I have a rather large pandas dataframe (~1.5M rows, but only 6 columns), that contains similarly structured data: one "Date" dimension (roughly 2200 dates), one "Tenor" dimension (9 tenors) and one "id" dimension (roughly 75 ids), plus 3 "value" columns. Missing 3-tuples are filled with nans, so that the ~1.5M rows come exactly from 2200 x 75 x 9. To exemplify, when selecting the first date and the first 2 ids it looks like the following:
Tenor Date id v1 v2 v3
0 1W 2008-03-27 id1 NaN NaN NaN
1 1M 2008-03-27 id1 0.2546 1.1022 13.5355
2 2M 2008-03-27 id1 0.4634 1.4812 13.4620
3 3M 2008-03-27 id1 0.6346 1.7242 13.4069
4 6M 2008-03-27 id1 1.0010 2.1278 13.3204
5 9M 2008-03-27 id1 NaN NaN NaN
6 12M 2008-03-27 id1 1.2576 2.3298 13.3668
7 18M 2008-03-27 id1 NaN NaN NaN
8 24M 2008-03-27 id1 1.3658 2.6527 13.6518
9 1W 2008-03-27 id2 NaN NaN NaN
10 1M 2008-03-27 id2 0.8800 -1.0000 12.7500
11 2M 2008-03-27 id2 1.0340 -1.0000 12.7500
12 3M 2008-03-27 id2 1.2050 -1.0000 12.7500
13 6M 2008-03-27 id2 1.4670 -1.0000 12.7500
14 9M 2008-03-27 id2 NaN NaN NaN
15 12M 2008-03-27 id2 1.7230 -1.0000 12.7500
16 18M 2008-03-27 id2 NaN NaN NaN
17 24M 2008-03-27 id2 1.7075 -1.6000 12.7500
I need to access each of the ~ 165k sub-dataframes of length 9 many times in an efficient way (by picking exactly one date and one id).
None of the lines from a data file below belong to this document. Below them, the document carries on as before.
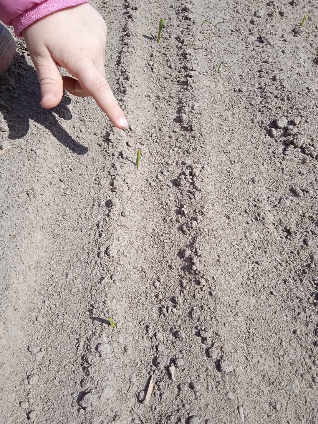 Kukurydza 8 dzień po siewie.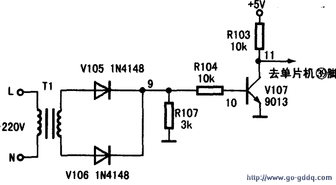 控制原理:附图是过零检测控制原理图。该电路与直流电路共用T1,通过变压器降压,再由两个整流,然后通过的分压和限流,得到lOO的脉动信号,经过三极管V107的作用,在11点得到100Hz的脉冲矩形波,去的(39)脚。此信号经过单片机内部控制后,再去控制室内风机驱动电路,使室内风机以不同的速度运转。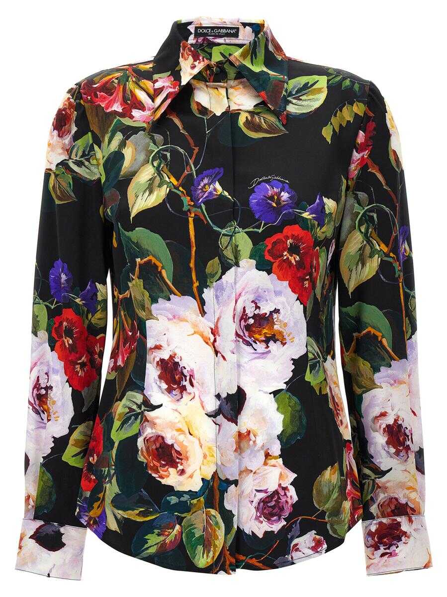 'Roseto' stretch silk shirt with all-over print, pointed collar, covered button closure
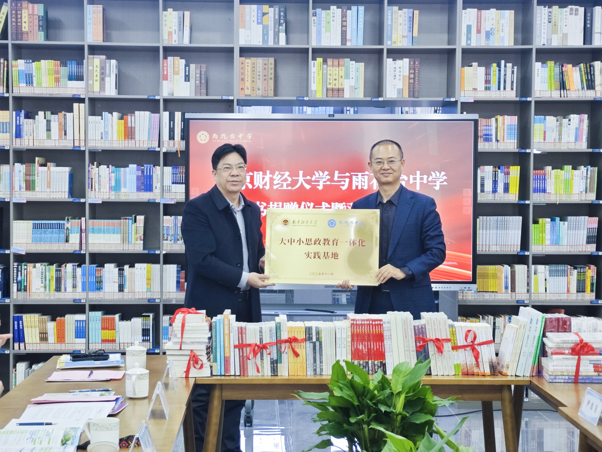 南京招生组向雨花台中学捐赠图书;刘衍民副校长与赵光辉书记共同为“大中小思政教育一体化实践基地”揭牌,标志着两校在思政教育领域的合作正式迈入实质性阶段,今后将推动基础教育与高等教育在思政育人方面同向同行、协同发力。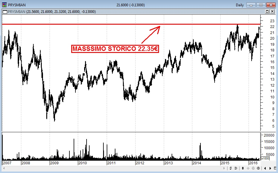 A livello tecnico ciò che si osserva è che il titolo Prysmian si trova in prossimità del massimo storico, e sembra prepararsi per un assalto rialzista: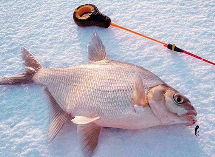 Лещ. Этот заветный трофей всех любителей зимней мормышки и поплавочной удочки. Тем не менее, ловля крупного леща зимой представляет собой сложное искусство, требующее четкой продуманности действий и терпения. Традиционно считается, что декабрь и начало января — наилучший период для ловли леща на поплавочную удочку. В это время он активно кормится, перемещаясь большими стаями по бровкам затопленного русла, уклонам фарватера, котлам и краям других донных углублений, изобилующих обрастаниями, которые служат ему пищей. Наиболее продуктивные участки на водохранилищах и других зарегулированных водоёмах часто располагаются в местах, где течение приносит обогащённую кислородом воду и сочетает соответствующий рельеф дна, позволяющий скапливаться кормовым организму: мотылю, трубочнику, водным личинкам и другим. Лещовая стая обычно обитает неподалёку от таких мест, чаще на глубинах 8-12 м, где царят оптимальные температурные условия, но может быть малоподвижной и практически не питаться. В период открытия шлюзов, при благоприятных погодных условиях и стабильном атмосферном давлении, лещи начинают активно перемещаться вдоль русловых бровок, выходя из ям к местам, куда течение приносит вымываемый корм и осаждает его в углублениях донного рельефа или боковых ответвлениях русла. Лещ также может выходить на предрусловые поливы и менее глубокие выходы из ям.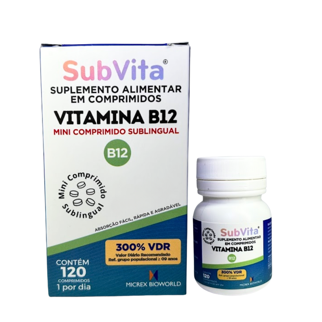 Subvita B12 é um suplemento alimentar na forma de mini comprimido à base da vitamina B12 (cobalamina). A vitamina B12 participa do processo de divisão celular, na formação de células vermelhas do sangue e no funcionamento do sistema imune.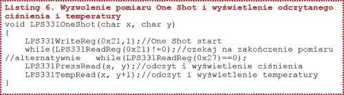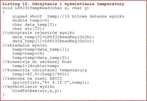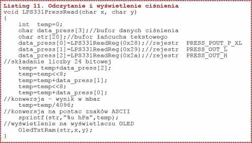Żeby otrzymać wynik w milibarach (hektopaskalach) musimy tę 24-bitową wartość podzielić przez 4096. Na listingu 11 zamieszczono procedurę odczytującą 3 bajty ciśnienia, wykonującą konwersję wyniku na milibary i wyświetlającą go na wyświetlaczu OLED. Konwersja wyniku na postać znaków ASCII jest wykonywana przez standardową funkcję kompilatora sprintf.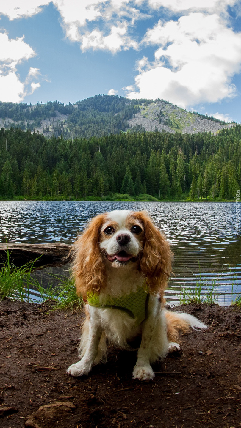 Edytor tapety: King charles spaniel nad rzeką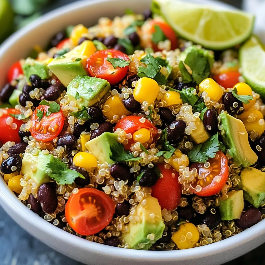 To make your Zesty Quinoa Black Bean Salad, gather the following ingredients: - 1 cup quinoa, thoroughly rinsed - 2 cups vegetable broth (or water) - 1 can (15 oz) black beans, drained and rinsed - 1 cup cherry tomatoes, halved - 1 red bell pepper, diced into bite-sized pieces - 1 small red onion, finely chopped - 1 ripe avocado, diced - 1/4 cup fresh cilantro, finely chopped - Juice from 1 lime - 3 tablespoons extra virgin olive oil - 1 teaspoon ground cumin - 1 teaspoon smoked paprika - Salt and freshly ground black pepper, to taste Having fresh ingredients is key to making this salad shine. Quinoa is the base of this dish. It adds a nutty flavor and lots of protein. Black beans bring in fiber and texture. The cherry tomatoes and red bell pepper add bright colors and sweetness. Red onion gives a nice crunch and a bit of bite. Avocado adds creaminess. Fresh cilantro adds a pop of flavor that makes the salad sing. Lime juice and extra virgin olive oil create a zesty dressing. Ground cumin and smoked paprika bring warmth to the dish. Lastly, salt and pepper enhance all the flavors. Once you have everything, you’re ready to make a fresh and flavorful salad! {{ingredient_image_2}} To cook quinoa, start by rinsing it well. Place the quinoa in a fine mesh strainer. Rinse it under cold water for about 2 minutes. This helps remove a bitter coating called saponin. After rinsing, drain it well. Next, add the rinsed quinoa to a medium saucepan. Pour in 2 cups of vegetable broth or water. Bring the mix to a boil over medium-high heat. Once it boils, reduce the heat to low and cover the pan. Let it simmer for about 15 minutes. You want the quinoa to absorb all the liquid. When it’s done, remove it from heat and let it cool. For fluffiness, fluff the quinoa with a fork before using it in the salad. Now, let’s prepare the salad. In a large mixing bowl, combine 1 can of black beans, drained and rinsed. Add 1 cup of halved cherry tomatoes, diced red bell pepper, and finely chopped red onion. Don’t forget the diced avocado! Gently mix these ingredients together to combine their fresh flavors. Once your quinoa has cooled to room temperature, add it to the vegetable mix. This adds a great texture and nutty taste to the salad. For the dressing, gather your ingredients. You will need juice from 1 lime, 3 tablespoons of extra virgin olive oil, 1 teaspoon of ground cumin, and 1 teaspoon of smoked paprika. Add a pinch of salt and pepper for flavor. In a small bowl, whisk these together. Use a whisk or fork to blend them well until the dressing is smooth. This will give the dressing a bright and zesty flavor. Now it’s time for the final assembly! Drizzle the dressing over the quinoa salad. Toss the salad gently but thoroughly. Make sure every ingredient gets coated with that yummy dressing. Just before serving, fold in about 1/4 cup of finely chopped cilantro. This adds freshness and a pop of color to your dish. Enjoy your zesty quinoa black bean salad! To boost the flavor of your Zesty Quinoa Black Bean Salad, try adding spices. A pinch of chili powder can add a kick. You can also sprinkle in some garlic powder for extra zest. If you enjoy heat, add diced jalapeños for a spicy twist. You can also play with vegetables. Add corn for sweetness or diced cucumbers for crunch. Shredded carrots can add color and nutrition, too. Try adding radishes for a peppery bite. These changes keep the salad fresh and exciting. Serve your salad in a large, colorful bowl for a vibrant look. Individual portions in small bowls can impress guests. For a fun twist, layer the salad in a mason jar. This makes a great grab-and-go meal. Garnish your salad to make it pop. Add lime wedges around the bowl to enhance the visual appeal. A sprinkle of extra cilantro on top adds freshness. You can also use sliced avocados as a beautiful garnish. These tips will make your dish look as good as it tastes! Pro Tips Rinse Your Quinoa: Always rinse quinoa thoroughly before cooking to remove its natural coating, called saponin, which can give it a bitter taste. Cool Before Mixing: Allow the quinoa to cool to room temperature before adding it to the salad to prevent wilting the fresh ingredients. Fresh Herbs at the End: Add fresh herbs like cilantro just before serving to maintain their vibrant flavor and color. Customize Your Veggies: Feel free to swap in seasonal vegetables or whatever you have on hand; this salad is versatile and can be tailored to your taste. {{image_4}} You can make this salad heartier by adding protein. Grilled chicken works great. It adds a nice smoky flavor. If you want a plant-based option, try tofu. Just grill or sauté it until golden. You can also incorporate feta or cheese for creamy richness. Crumbled feta adds a tangy bite. Shredded cheese melts nicely and makes the salad more filling. If you want to change the taste, try different dressings. A balsamic vinaigrette can add a sweet twist. You can also use a spicy dressing for more heat. Switching beans or grains can change this salad’s vibe. Chickpeas or kidney beans work well. For grains, try farro or barley instead of quinoa. Each swap brings a new flavor and texture. To store leftovers of your zesty quinoa black bean salad, place it in an airtight container. Make sure the salad has cooled before sealing. This helps keep it fresh. The salad stays good in the fridge for about 3 to 5 days. If you notice any signs of spoilage, like a strange smell or color change, throw it away. You can freeze this salad, but there are some things to keep in mind. Freezing can change the texture of some ingredients like avocado and tomatoes. I recommend not freezing the whole salad. Instead, separate the cooked quinoa and beans from the fresh veggies. To freeze the quinoa and beans: - Place them in a freezer-safe bag or container. - Make sure to remove as much air as possible. For avocado, try to freeze it in small pieces. This helps it stay safe for later use. When you are read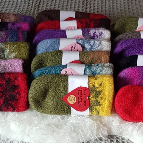 Gi en Gave som varmer 🥰 Hjemmestrikket tovede votter for Dame og Ungdom str. S/M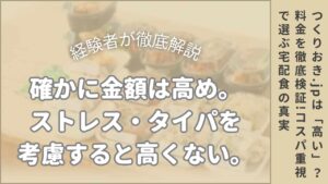 妻と私が実感した宅配食のメリット、つくりおき.jpのメリットとデメリット、感想は次の通りです。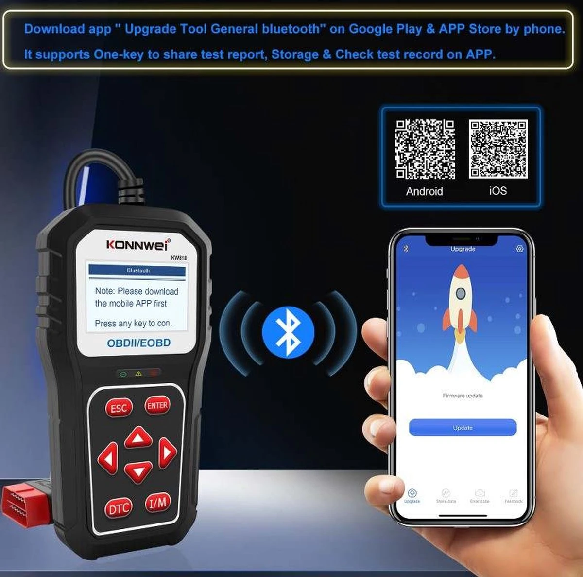 Deze OBD2 scanner kan je verbinden met je telefoon indien het over bluetooth beschikt. Daarnaast kan je via de ‘’Upgrade Tool General’’ app je OBD2 scanner updaten, test resultaten bekijken en storingen wissen en bekijken.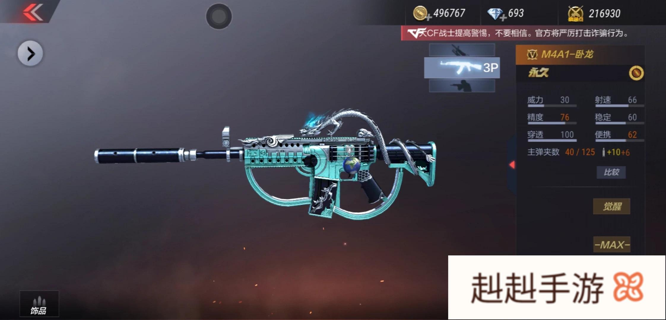 整体性能大幅度提升,专属金龙争霸战场。卧龙和卧龙觉醒是继电音之第二把切枪有电吉他音效的枪械,外观称得上是酷炫,整体手感也是不错。不过,在宇子看来,随着等级的慢慢提高,也明白了切枪声音越大暴露位置的可能性也是越大, 毕竟cf作为一款听声辨位的游戏,耳朵就是第二眼睛,暴露的可能性越大死的可能性越大。另外,随着初期的使用,官方对于卧龙也是做出了调整,新鲜感过去后,卧龙的使用者也是几乎不可见。

Standard slicing as suggested e.g. in Splitting dataframe into multiple dataframes are not going to make it: each slicing will have to look into the whole dataframe, typically resulting in linear access time and O(n^2) operations if I wish to look through all sub-dataframes. Isolating a 9x3 sub-dataframe in this way, e.g.:
from dateutil import parser
d = parser.parse('20150101')
%timeit df[np.logical_and(df.id=='id1', df.Date==d)
takes around 120ms, that is unacceptable in my situation.
After sorting the dataframe by the three interesting columns (df.sort_values(['Date','id','Tenor'])
) I can use the indexing, by exploiting the high regularity of the dataframe:
ids= pd.unique(df.id)
starting = {
p: {d: j*9*len(ids) + i*9 for j,d in enumerate(pd.to_datetime(dates))}
for i, p in enumerate(list(ids))
}
then I can access it by slicing, that cuts the need to look through the whole dataframe and improves efficiency significantly:
s = starting['id1'][parser.parse('20150101')]
%timeit df.loc[s:s+8]
This runs in about 200 µs, some 500 times faster.
However, this is far from the best one can do. If I try to bypass pandas as much as possible, I can split the dataframe into ~165k tiny dataframes, put them in a dictionary, and access them easily:
dates = pd.unique(df.Date)
dfs = {p: {} for p in set(df.id.values)}
for p in ids:
dfs[p] = {d: df.loc[starting[p][d]:starting[p][d]+8,:] for d in pd.to_datetime(dates)}
This doubles (at least) the memory used, but
d = parser.parse('20150101')
%timeit dfs['id1'][d]
gives a much nicer result around 1µs, another ~200x increase over the above, and likely as low as we can go (already %timeit starting['id1'][d]
takes around 1µs).
However, this feels bad, not only for the additional memory use, but especially because it requires me to create a lot of dataframes by hand, and behind the scenes this calls 165k times for malloc. This is a huge waste, as we know in advance how much memory we need (indeed we have it already allocated!), although still it's the best option in my case, as the pre-computation time is dwarfed by the amount of times I'll need to access these sub-dataframes. Furthermore, it could be generalized to uneven division of dataframes in less ideal situations where e.g. the amount of tenors is dependent on the id or date. However, this looks like something pandas should do for me more efficiently than I can.
To sum up, the questions would be:
Is there a pandas function that allows me to split a dataframe to a dictionary, the keys of which are the values of some column and the values of which are slices of the original dataframe?
Is there a reason why cutting the dataframe beforehand is 200 times faster than directly accessing it using the indices? Since the indices I'm using are just integers from 0 to len(df), I'd expect it to be as fast as accessing any Python data structure, yet dictionaries seem to win hands-down.
Otherwise and more generally, is there a faster way to access large dataframes that escapes me, in case where we know already which line we need?